Currently reading back and forth between
Coyote America by Dan Flores and
The First Frontier: The Forgotten History of Struggle, Savagery, & Endurance in Early America by Scott Weidensaul. I'd give the thumbs up to both if you're into natural history.
Last week I flew through
A Sand County Almanac as recommended on
this thread. Fantastic book and can't believe I didn't read it sooner.
Hunting how-to's just don't move my needle anymore, but in the past one that stuck with me that I still page through from time to time are the is one put out by Deer and Deer Hunting that has cliff notes of a bunch of scientific studies among other articles. Google machine isn't turning that one up, I'll have to find it later.
I also have
Mapping Trophy Bucks and a couple other hunting books by Greg Miller and the Wenzels that were pretty good reads but I don't remember anything especially memorable about either. I'm not by any means saying I know everything deer, but anymore I see most hunting media as self-aggrandizing mumbo jumbo.

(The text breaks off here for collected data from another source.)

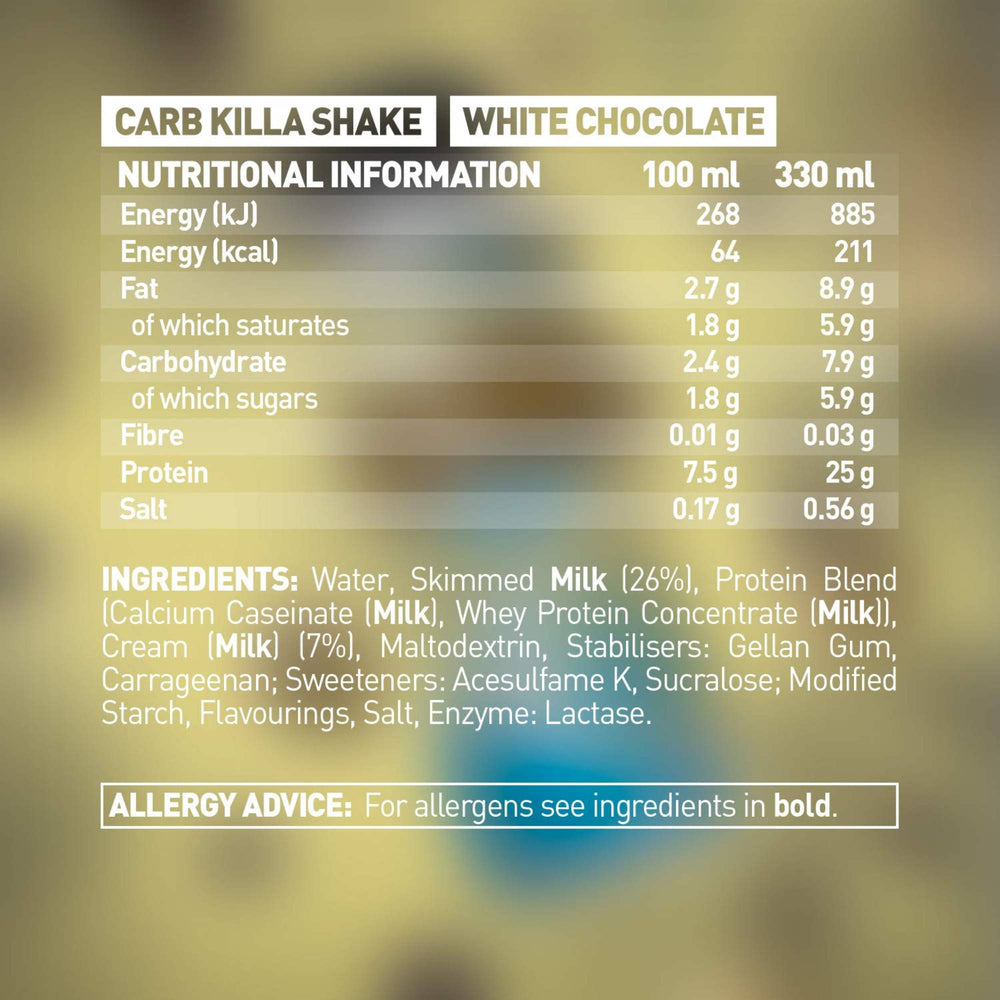 If you love white chocolate and you love protein, this protein shake will be 'white' up your street! This smooth creamy, lactose-free Protein Shake is a tasty way to max your protein intake whilst on the move. Not only is it packed with 25g of protein, but it also is low in sugar and is suitable for vegetarians. Just like the rest of our bottled protein shake range. If time is on your side, why not enjoy as a replacement of milk in your breakfast cereal? A portion of milk contains just 8g of protein, therefore increasing your protein intake by over 3 times with our White Chocolate Protein Shake.
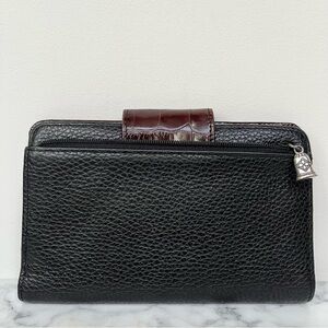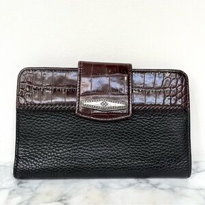 Vintage Brighton Pebbled Leather Croc Embossed Bi-Fold Checkbook Wallet Brown Black
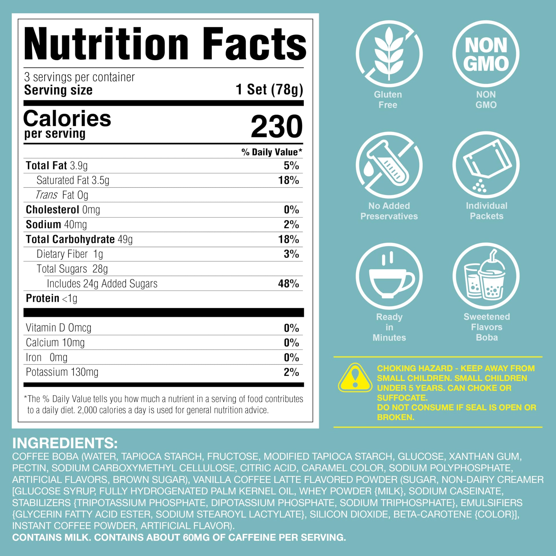 Q: What ingredients are included in the J WAY Instant Vanilla Latte Coffee Kit?A: The kit includes 3 individually wrapped portions of brown sugar boba, 3 packets of vanilla latte coffee flavored powder, and 3 extra wide paper straws. All ingredients are designed for quick and easy preparation.
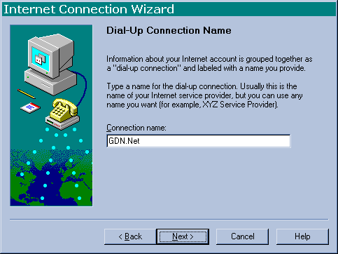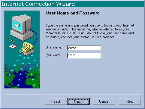 Your username and password are both chosen when you sign up. Both should be lower-case. 33.6k customers will simply enter their user name, example jsmith or demo. 56k customers must type their entire email address, example jsmith@gdn.net or demo@gdn.net When you are finished, click Next.

Mapping Trophy Bucks was revolutionary, but with OnX and Youtuber instructionals I would argue a lot of those fundamentals are to the point of being counterproductive for the public land hunter anymore.
That Wild Country: An Epic Journey through the Past, Present, and Future of America's Public Lands
By Mark Kenyon
Whatcha think of it? Keeps popping up in my Kindle recommendations.